AirPodsの内部には精密なリチウムイオンバッテリーが入っており、高温を加えるとバッテリーが膨張したり、最悪の場合は発火するおそれがあります。また、内部の接着剤が溶けて防水性能がさらに落ちてしまうこともあります。同じ理由で、炎天下の車のダッシュボードに置いたり、電子レンジで乾かそうとしたりするのも絶対にやめてください。

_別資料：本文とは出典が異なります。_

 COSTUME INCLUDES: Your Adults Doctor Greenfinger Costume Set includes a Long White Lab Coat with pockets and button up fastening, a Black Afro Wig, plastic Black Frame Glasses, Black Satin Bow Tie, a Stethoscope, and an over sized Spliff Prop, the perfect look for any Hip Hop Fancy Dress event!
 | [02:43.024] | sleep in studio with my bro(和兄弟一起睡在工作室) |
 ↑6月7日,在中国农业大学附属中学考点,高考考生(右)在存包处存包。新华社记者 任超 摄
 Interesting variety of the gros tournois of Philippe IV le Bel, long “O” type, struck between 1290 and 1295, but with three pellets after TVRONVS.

最も安全な方法は、密閉できるジップロックにAirPodsと食品用などのシリカゲル(乾燥剤)を一緒に入れて、最低でも48時間は放置することです。乾燥剤は100円ショップでも手に入りますし、お菓子や海苔のパッケージに入っているものでも代用できます。理想を言えば、乾燥剤は多めに入れたほうが効果的です。お菓子に入っている小さなパックなら5〜6個くらいは入れておきたいところです。

よく「生米の中に入れる」という方法がネットで紹介されていますが、米の粉やデンプンが充電端子やメッシュ部分に入り込んで、別の故障を招く原因になるのでおすすめしません。

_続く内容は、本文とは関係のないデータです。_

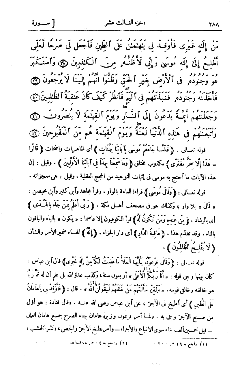 قَوْلُهُ تَعَالَى: (فَلَمَّا جاءَهُمْ مُوسى بِآياتِنا بَيِّناتٍ) أَيْ ظَاهِرَاتٍ وَاضِحَاتٍ (قالُوا مَا هَذَا إِلَّا سِحْرٌ مُفْتَرىً) مَكْذُوبٌ مُخْتَلَقٌ (وَما سَمِعْنا بِهذا فِي آبائِنَا الْأَوَّلِينَ). وَقِيلَ: إِنَّ هَذِهِ الْآيَاتِ وَمَا احْتَجَّ بِهِ مُوسَى فِي إِثْبَاتِ التَّوْحِيدِ مِنَ الْحُجَجِ الْعَقْلِيَّةِ. وَقِيلَ: هِيَ مُعْجِزَاتُهُ. قَوْلُهُ تَعَالَى: (وَقالَ مُوسى) قِرَاءَةُ الْعَامَّةِ بِالْوَاوِ. وَقَرَأَ مُجَاهِدٌ وَابْنُ كَثِيرٍ وَابْنُ مُحَيْصِنٍ" قَالَ" بِلَا وَاوٍ، وَكَذَلِكَ هُوَ فِي مُصْحَفِ أَهْلِ مَكَّةَ (رَبِّي أَعْلَمُ بِمَنْ جاءَ بِالْهُدى) أَيْ بِالرَّشَادِ. (مِنْ عِنْدِهِ وَمَنْ تَكُونُ لَهُ) قَرَأَ الْكُوفِيُّونَ إِلَّا عَاصِمًا" يَكُونُ" بِالْيَاءِ وَالْبَاقُونَ بِالتَّاءِ. وَقَدْ تَقَدَّمَ هَذَا. (عاقِبَةُ الدَّارِ) أَيْ دَارِ الْجَزَاءِ. (إِنَّهُ) الْهَاءُ ضَمِيرُ الْأَمْرِ وَالشَّأْنِ (لَا يُفْلِحُ الظَّالِمُونَ). قَوْلُهُ تَعَالَى: (وَقالَ فِرْعَوْنُ يَا أَيُّهَا الْمَلَأُ مَا عَلِمْتُ لَكُمْ مِنْ إِلهٍ غَيْرِي) قَالَ ابْنُ عَبَّاسٍ: كَانَ بَيْنَهَا وَبَيْنَ قَوْلِهِ:" أَنَا رَبُّكُمُ الْأَعْلى " أَرْبَعُونَ سَنَةً، وَكَذَبَ عَدُوُّ اللَّهِ بَلْ عَلِمَ أَنَّ لَهُ ثَمَّ رَبًّا هُوَ خالقه وخالق قومه" ولين سَأَلْتَهُمْ مَنْ خَلَقَهُمْ لَيَقُولُنَّ اللَّهُ". قَالَ: (فَأَوْقِدْ لِي يَا هامانُ عَلَى الطِّينِ) أَيِ اطْبُخْ لِي الْآجُرَّ، عَنِ ابْنِ عَبَّاسٍ رَضِيَ اللَّهُ عَنْهُ. وَقَالَ قَتَادَةُ: هُوَ أَوَّلُ مَنْ صَنَعَ الْآجُرَّ وَبَنَى بِهِ. وَلَمَّا أَمَرَ فِرْعَوْنُ وَزِيرَهُ هَامَانَ بِبِنَاءِ الصَّرْحِ جَمَعَ هَامَانُ الْعُمَّالَ- قِيلَ خَمْسِينَ أَلْفَ بَنَّاءٍ سِوَى الْأَتْبَاعِ وَالْأُجَرَاءِ- وَأَمَرَ بِطَبْخِ الْآجُرِّ وَالْجِصِّ، وَنَشْرِ الْخَشَبِ
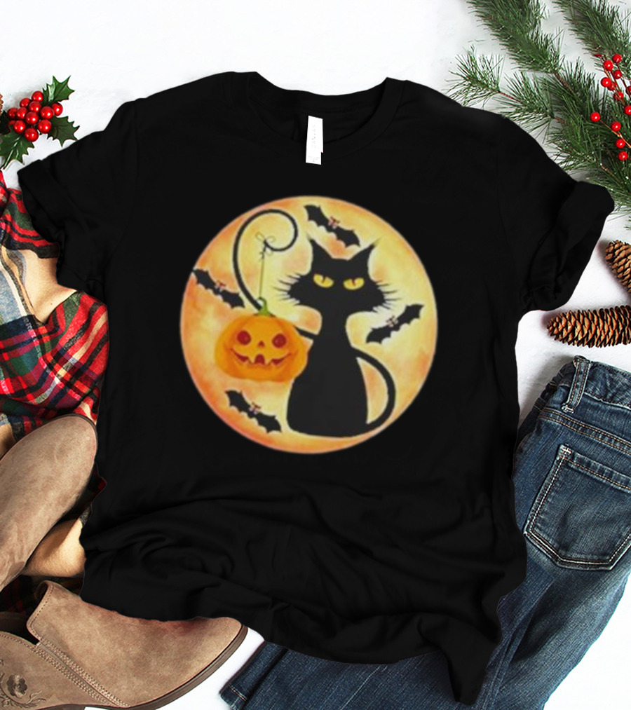 Funny Pumpkin Black Cat Halloween Witch Bat Moon T-Shirt
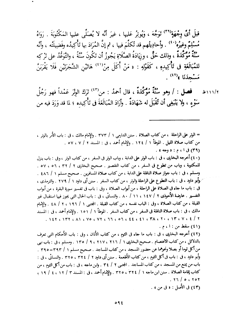 قبلَ أىِّ وِجْهَةٍ (٣٩) تَوَجَّهَ، وَيُوتِرُ عَليها، غيرَ أنَّه لا يُصَلِّى عليها المَكْتُوبَةَ. رَوَاهُ مُسْلِمٌ وغيرُه (٤٠). وأحادِيثُهم قد تُكلِّمَ فيها، ثم إنَّ المُرَادَ بها تَأْكِيدُه وفَضِيلَتُه، وأنَّه سُنَّةٌ مُؤَكَّدَةٌ، وذلك حَقٌّ، وزِيَادَةُ الصَّلَاةِ يَجُوزُ أن تَكُونَ سُنَّةً، والتَّوَعُّدُ على تَرْكِه للمُبَالَغةِ في تَأْكيدِهِ، كَقَوْلهِ: "مَنْ أَكَلَ مِنْ (٤١) هَاتَيْنِ الشَّجَرَتَيْنِ فَلا يَقرَبَنَّ مَسْجِدَنَا" (٤٢).
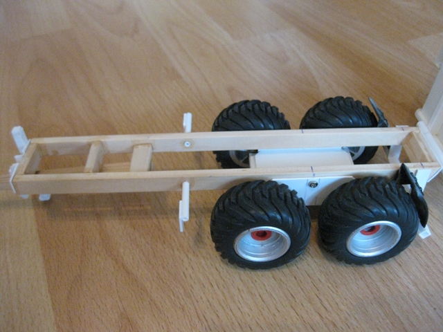 Er is bis auf ein paar Kleinigkeiten fertig. Was noch fehlt ist die Schlauchgadrobe an der deichsel und die Hydraulikzylinder an der Heckklappe. Außerdem sollen die Silageaufsetze noch Trapezblech oder so was in der Art, wie das auch im Original ist bekommen.

実際に修理店で「米粒が詰まって充電できなくなった」というAirPodsを見たこともあるので、この方法は避けたほうが無難です。

あと乾燥剤に入れて保管というのはAirPodsが修理できないという特性上、行っても大丈夫ですが、スマートフォンとかの場合は乾燥させる行為よりすぐに修理店に持ち込むのがベターです。

元修理店員が教える「水没した電子機器」の内部で起きていること

なぜ洗濯してしまうと故障するのか。そのメカニズムを知ると、やってはいけない行動の理由がはっきりします。

洗剤による腐食とショート

真水であればまだ助かる可能性は高いのですが、洗濯機の場合は「洗剤」と「柔軟剤」が溶けた水に浸かっています。これらに含まれる界面活性剤や化学成分は、真水よりも電子基板を腐食させるスピードが速いです。

水分が蒸発した後に残る洗剤の成分が電気を通す性質を持っていて、それが基板の上でショートを引き起こします。私が修理店で見てきた水没端末の多くも、水そのものよりも、水に含まれる不純物が基板に残って生まれる「緑色の錆」が原因でダメになっていました。

このサビはとても厄介で、一度発生すると周囲の回路にじわじわと広がっていきます。目に見えないレベルの腐食でも、基板上の微細な回路にとっては致命傷になるのです。

特に柔軟剤は粘度が高く、乾いた後もベタつきが残りやすいため、基板に膜のように張り付いてしまいます。この膜が水分を吸着しやすいので、一度乾燥させた後でも湿気の多い日に再びショートを起こすことがあります。「洗剤なし・水だけのすすぎコース」で回してしまった場合のほうが、まだ復活の見込みは高いです。

リチウムイオンバッテリーへの影響

AirPodsのような超小型デバイスは、バッテリーと基板がとても近い距離に配置されています。

一度水が入ると、バッテリーの電極部分で電気分解が始まり、ガスが発生することもあります。このガスがイヤホン内部の圧力を高めて、隙間からさらに水を引き込むという悪循環が生まれます。

修理店での経験上、水没から時間が経てば経つほど内部の腐食は進行し、復活する確率は急激に下がっていきます。
特に洗剤入りの水が相手の場合、6時間以上放置すると基板の腐食がかなり進んでいるケースが多かった印象です。だからこそ、洗濯に気づいたらすぐに応急処置を始めることが何より重要なのです。

AirPodsの防水性能について

ちなみに、AirPods Pro(第2世代)にはIP54等級の防塵・耐汗耐水性能がありますが、これはあくまで日常の汗や小雨程度を想定したものです。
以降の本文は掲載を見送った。